NORMAN — Throughout Oklahoma's 45-31 Sugar Bowl victory over Alabama, no Crimson Tide defenders left the game with injuries caused by the Sooners' no-huddle offense.
But a few Alabama defensive players were spotted racing to check their wristbands as OU quarterback Trevor Knight received the snap.
“Bottom line, there's no evidence to support that it's unsafe,” OU coach Bob Stoops told The Oklahoman on Friday, referring to up-tempo offense.
Last week, the NCAA Football Rules Committee approved a proposal that would force offenses to wait until the play clock hits 29 seconds before snapping the ball, allowing defenses 10 seconds to make substitutions. The rule wouldn't be enforced with two minutes remaining in either half.
“The offense is capable of operating without substitution, in all downs and distances,” Stoops said. “If they're able to adjust to keep the same personnel on the field, they ought to be able to use whatever pace they want to.
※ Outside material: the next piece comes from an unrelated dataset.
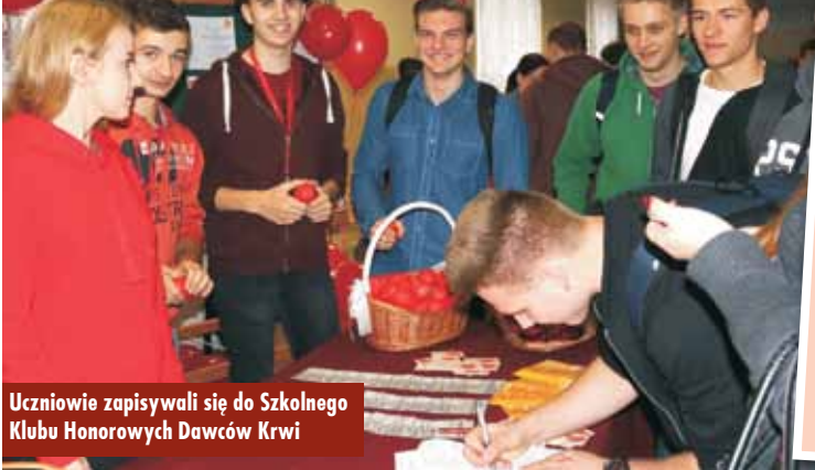
Uczniowie zapisywali się do Szkolnego Klubu Honorowych Dawców Krwi

22 listopada br. w Zespole Szkół Ponadgimnazjalnych nr 1 w Kępnie odbyło się spotkanie promujące wśród uczniów oddawanie krwi. Uczestnicy dowiedzieli się między innymi najważniejszych informacji odnośnie oddawania krwi, przeciwwskazań oraz tego, jak odpowiednio przygotować się do zostania krwiodawcą. Dodatkowo rozdawane były gadzety promujące RCKiK oraz zapisy do Szkolnego Klubu Honorowych Dawców Krwi.
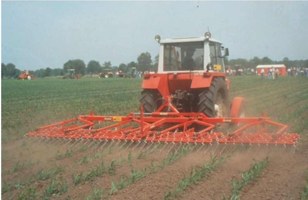
Eggen na opkomst van de maïs.

And the defense ought to be able to adjust.”
The proposal has been championed by Alabama coach Nick Saban and Arkansas coach Bret Bielema, who have insisted that it's all about player safety, and is scheduled to be considered by the Playing Rules Oversight Panel on March 6. If approved, it would be implemented this fall.
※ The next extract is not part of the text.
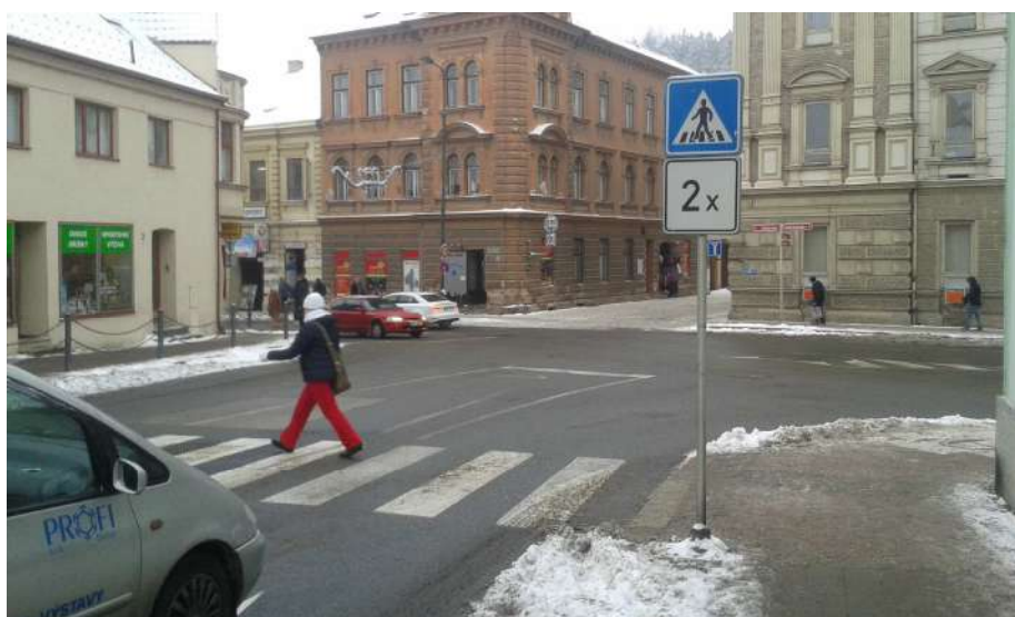
Obr. 11 Pohled na křižovatku z ulice Bedřicha Václavka

Lots of prominent coaches who run up-tempo offenses have come out against the proposal, including South Carolina's Steve Spurrier, Auburn's Gus Malzahn and Texas A&M's Kevin Sumlin.
Friday, Stoops and his offensive coordinator, Josh Heupel, each added their voices to the chorus of opponents. Oklahoma State coach Mike Gundy declined to comment through a spokesman, but he did voice his opinion on Twitter the day the proposal was passed.
“The no huddle, fast tempo style has changed the game of CFB,” Gundy tweeted. “Our sport has exploded in popularity with high scoring games & packed stadiums.
“College Football is constantly evolving. Coaches have to make adjustments based on their team, their talents and their opponents.”